(Extracted data entries)
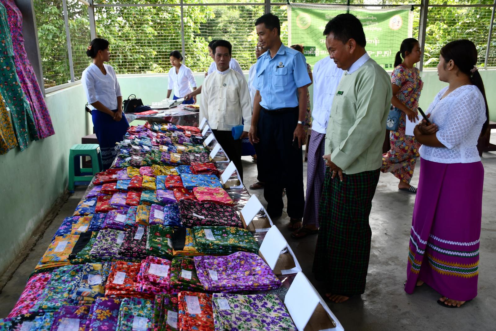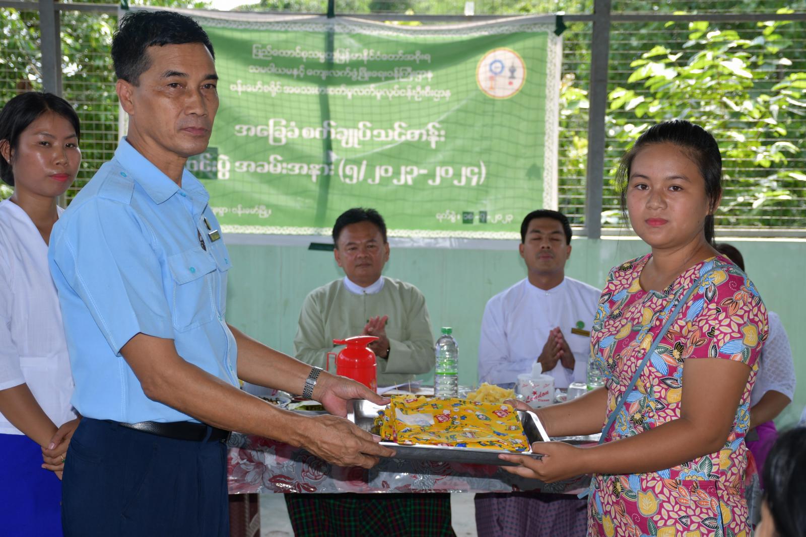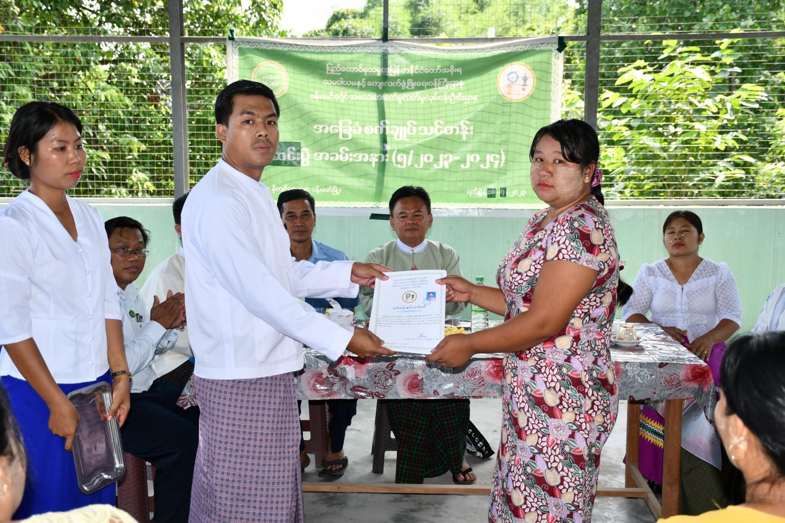 ဆက်လက်၍ ခရိုင်အသေးစားစက်မှုလက်မှုလုပ်ငန်းဦးစီးဌာနမှ လက်ထောက်ညွှန်ကြားရေးမှူး ဦးအောင်တင်စိုးက သင်တန်းဆင်းလက်မှတ်များကို ပေးအပ်ခြင်းနှင့် ခရိုင်စားသုံးသူရေးရာဦးစီးဌာနမှ လက်ထောက်ညွှန်ကြားရေးမှူး ဦးအောင်ကျော်ဦးက စက်ချုပ်သင်တန်းထွက်ကုန် ကုန်ချောပစ္စည်းများကိုပေးအပ်ခဲ့ရာ သင်တန်းသူများက လက်ခံရရယူခဲ့သည်။ ၎င်းအခြေခံ စက်ချုပ်နည်းပညာ သင်တန်းတွင် သင်တန်းသူ (၂၀) ဦးအား သင်္ဘောသားအင်္ကျီ၊ ရင်ဖြတ်ဆက်အင်္ကျီ၊ ရင်စေ့အင်္ကျီ၊ ရင်ဖုံးအင်္ကျီ၊ ဘောင်းဘီ၊ ချိတ်ထဘီ၊ လေးလွှာစကတ်၊ သုံးလွှာစကတ်ချုပ် နည်းပညာများ သင်ကြားပို့ချခဲ့ပြီး (၁၉.၆. ၂၀၂၃ ရက်နေ့မှ ၁၈.၇.၂၀၂၃ ရက်နေ့အထိ) သင်ကြားပို့ချ ပေးခဲ့ကြောင်း သိရသည်။
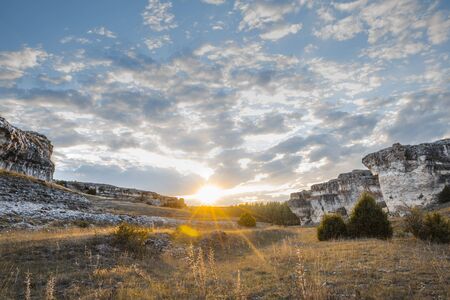 Photos of the Crimean autumn peninsula, Ak-Kaya White rock, Belogorsky district, the Biyuk-Karasu river, the Mousterian era, the settlements of the Sarmatians and Scythians, Altyn Teshik cave
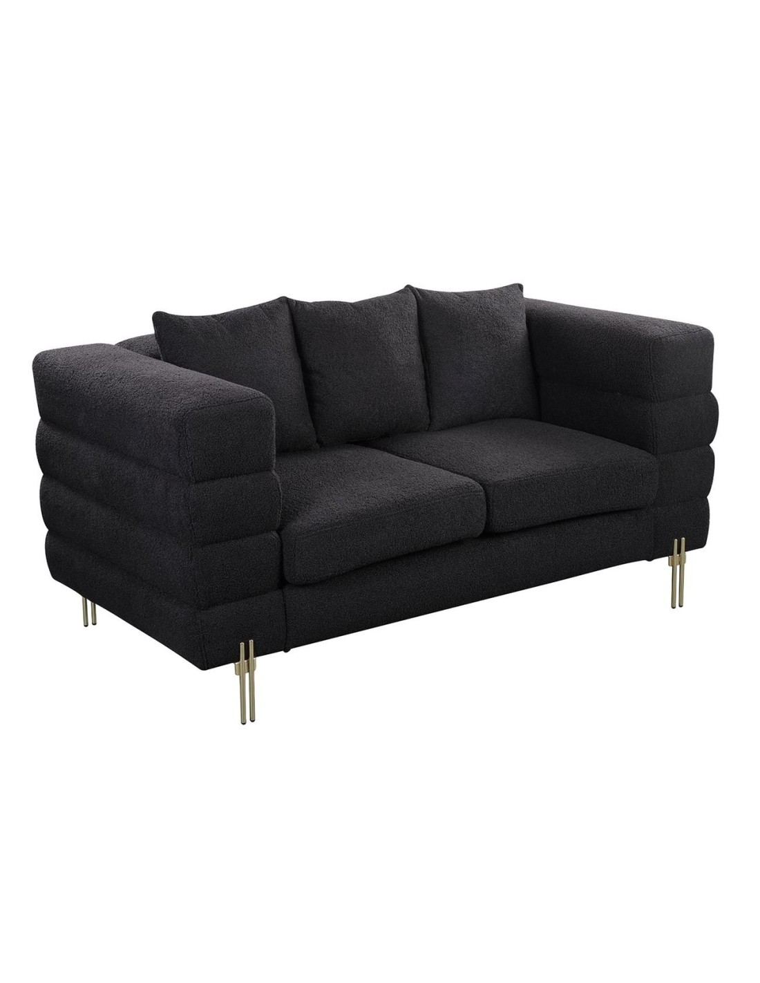 MORRIS Καναπές 2Θέσιος Σαλονιού - Καθιστικού, Ύφασμα Teddy Μαύρο
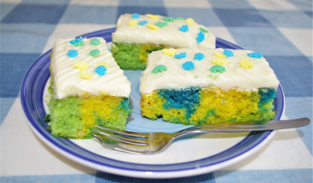 5. Put different coloured “blobs” randomly in the tin and gently swirl them using a chopstick or something similar, but don’t overdo this. Level the mixture and tap the tin on a work surface to release air and to fill the corners. Bake for around 30 minutes. Test by inserting a skewer into the middle. It will come out clean and dry if the cake is baked.
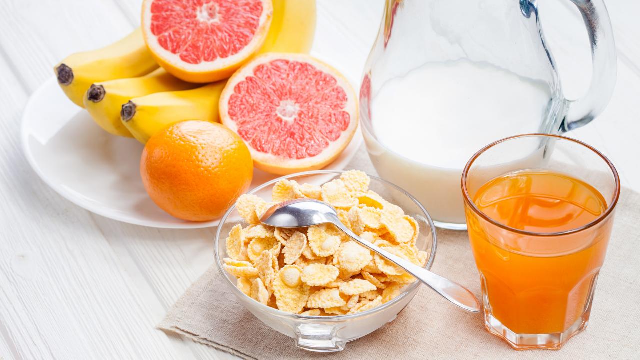 Обои Кукурузные хлопья на столе с молоком, соком и свежими фруктами на завтрак
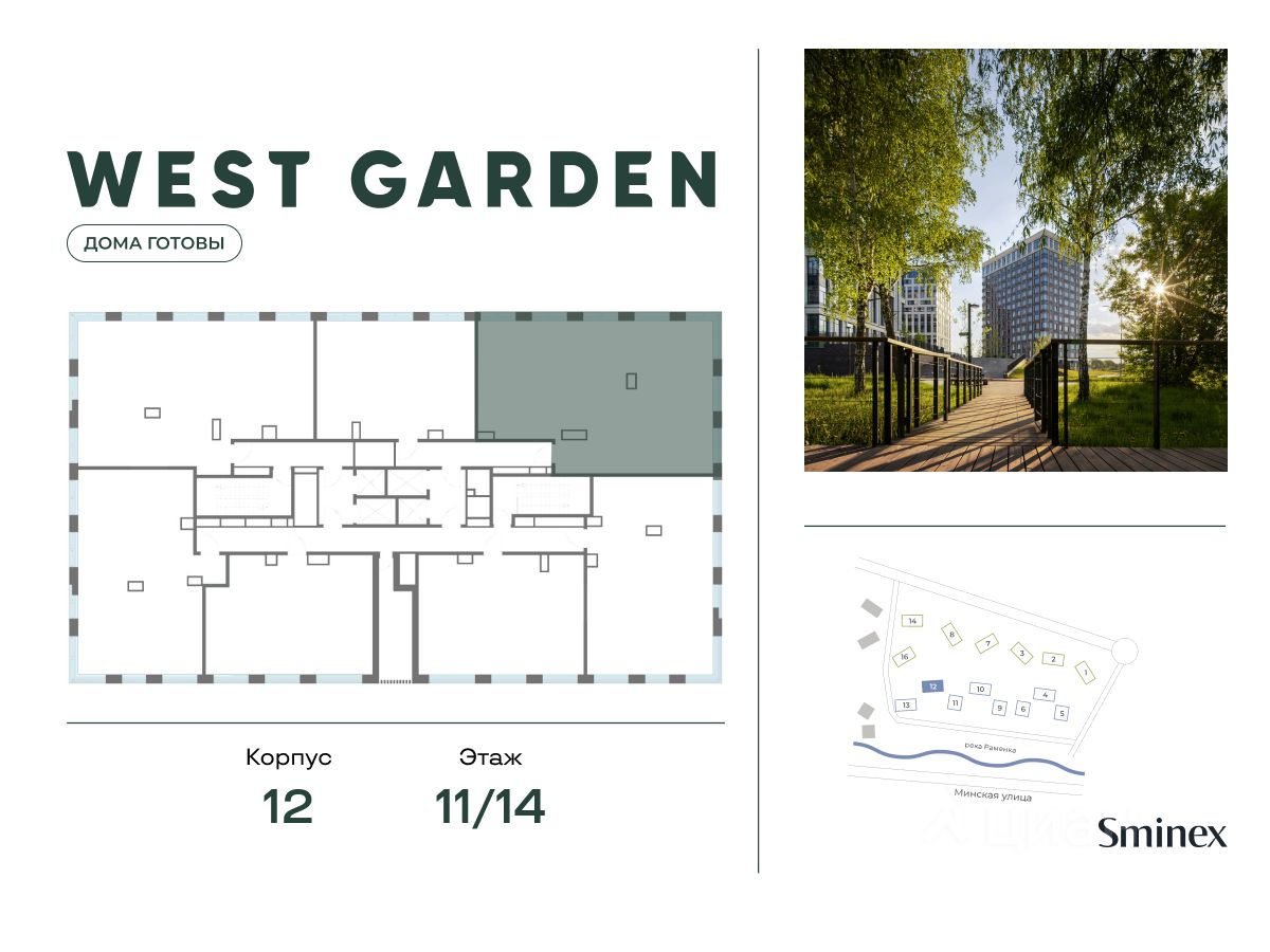 West Garden - это собрание клубных домов высотой 12-14 этажей в собственном парке 16 гектаров вдоль реки. Просторный среднеэтажный квартал расположен на Минской улице, в респектабельном Западном округе столицы. Вокруг премиальное окружение и более 1000 гектаров парков.
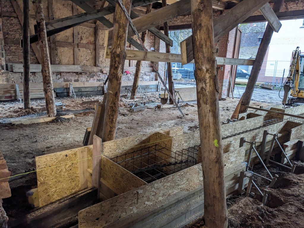 Durch die erheblichen Lasten gleichzeitiges Erstellen neuer Fundamente, der Bodenplatte und des kompletten Tragwerks im Erdgeschoss. Dauer: 5 Monate
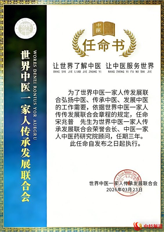 当天,宋兆普被正式荣升为世界中医一家人传承发展联合会名誉会长。这不仅是对他个人从医46年的肯定,更是对所有坚守中医传承之路医者的致敬。
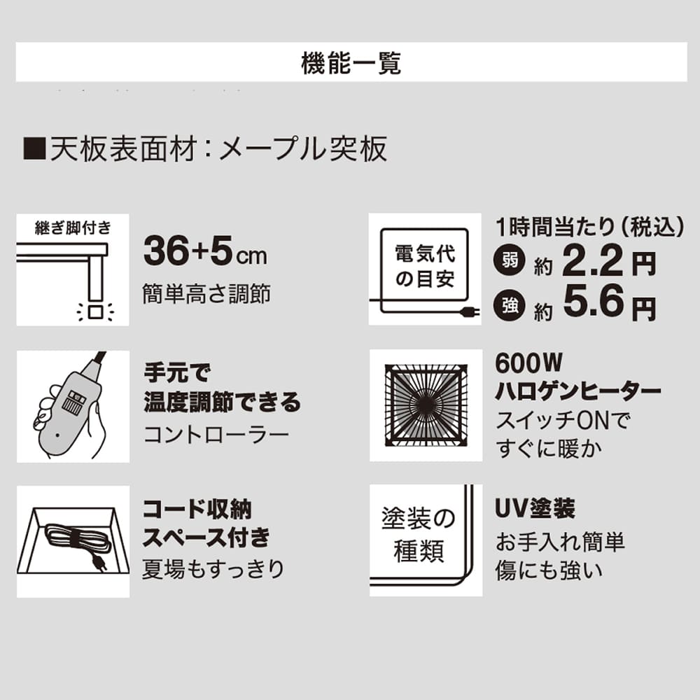 ◆ヒーターは600Wハロゲン手元コントローラー(型番MHU-601E メトロ電気工業製)◆材質:天板_メープル材突板化粧繊維板、脚_ラバーウッド材
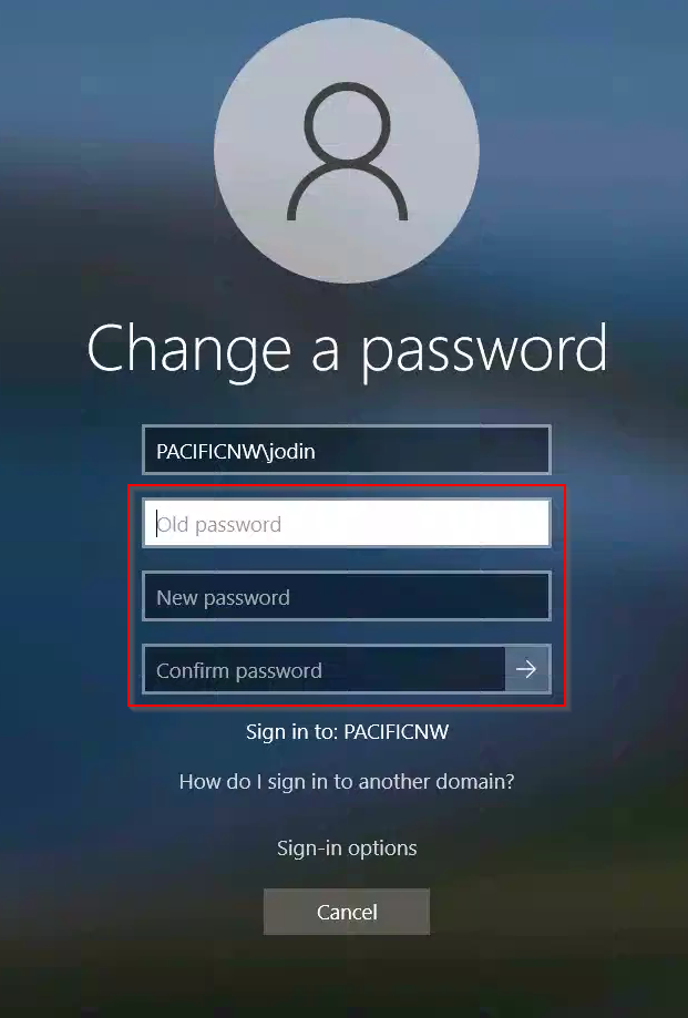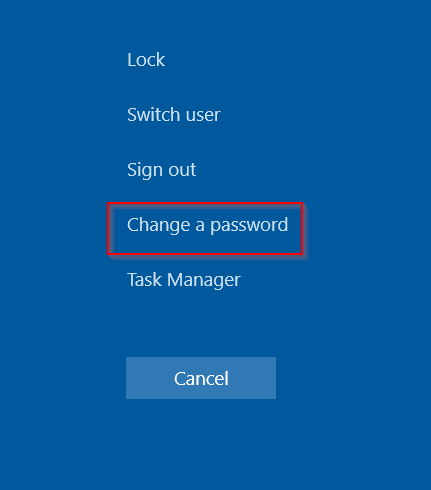 To change your password, click CRTL + ALT + DELETE then click “Change a password”.
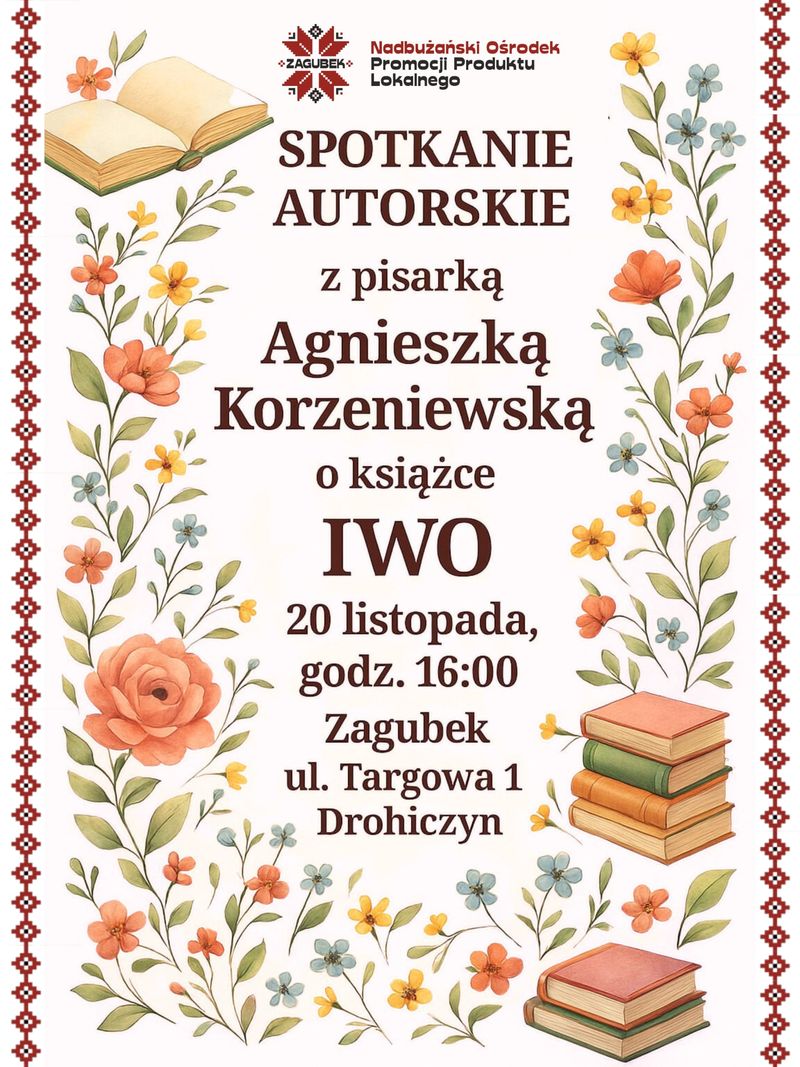 Spotkanie autorskie poświęcone promocji książki będzie także okazją do rozmowy o literaturze, inspiracjach oraz procesie tworzenia powieści. Autorka opowie o kulisach powstania „Iwo” oraz o przesłaniu, jakie niesie opisana historia.Agnieszka Korzeniewska od lat obecna jest na scenie literackiej. Spod jej pióra wyszły cenione w kraju i za granicą tytuły, m.in. „Zabiorę Cię jesienią do Brukseli”, „W deszczu tańcz!”, „Zaczarowana codzienność” czy „Witraż”.
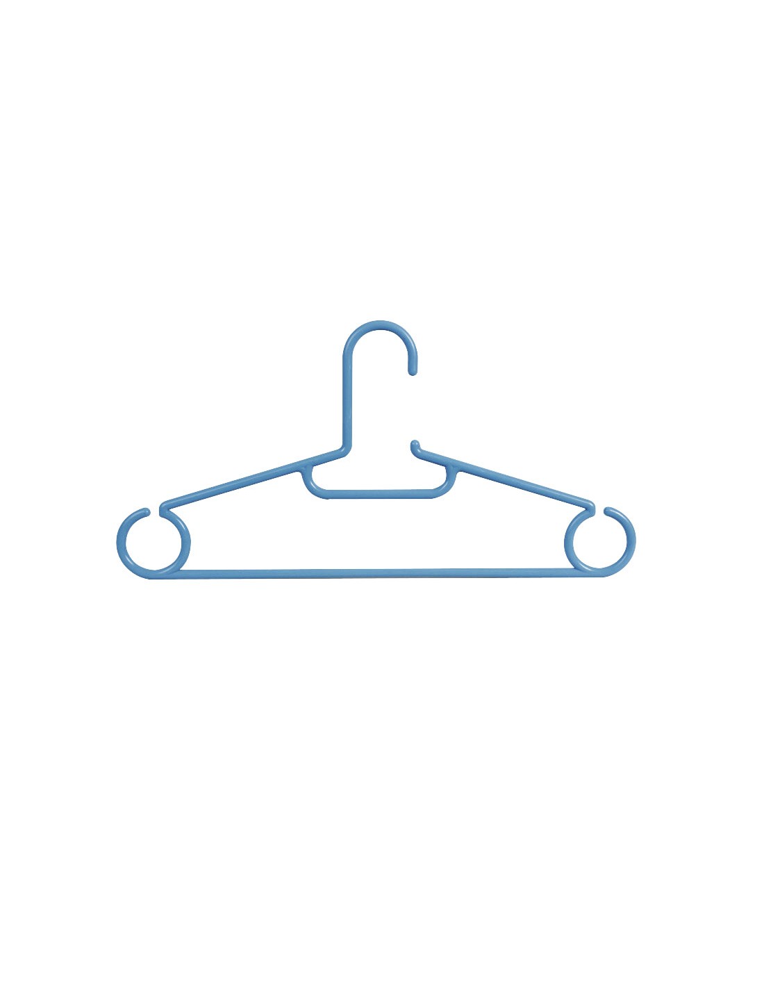 Percha recta 40 cm con barra y ganchos laterales. Plástico azul. 5 unid.

TASK DETAILS:
Nothing outside the stretch above, from the line with "MORRIS Καναπές 2Θέσιος" through the line with "Обои Кукурузные хлопья", is set down. Transcribe that stretch exactly, ends included, but not its pictures.

EXERCISE RESULT:
 MORRIS Καναπές 2Θέσιος Σαλονιού - Καθιστικού, Ύφασμα Teddy Μαύρο
 5. Put different coloured “blobs” randomly in the tin and gently swirl them using a chopstick or something similar, but don’t overdo this. Level the mixture and tap the tin on a work surface to release air and to fill the corners. Bake for around 30 minutes. Test by inserting a skewer into the middle. It will come out clean and dry if the cake is baked.
 Обои Кукурузные хлопья на столе с молоком, соком и свежими фруктами на завтрак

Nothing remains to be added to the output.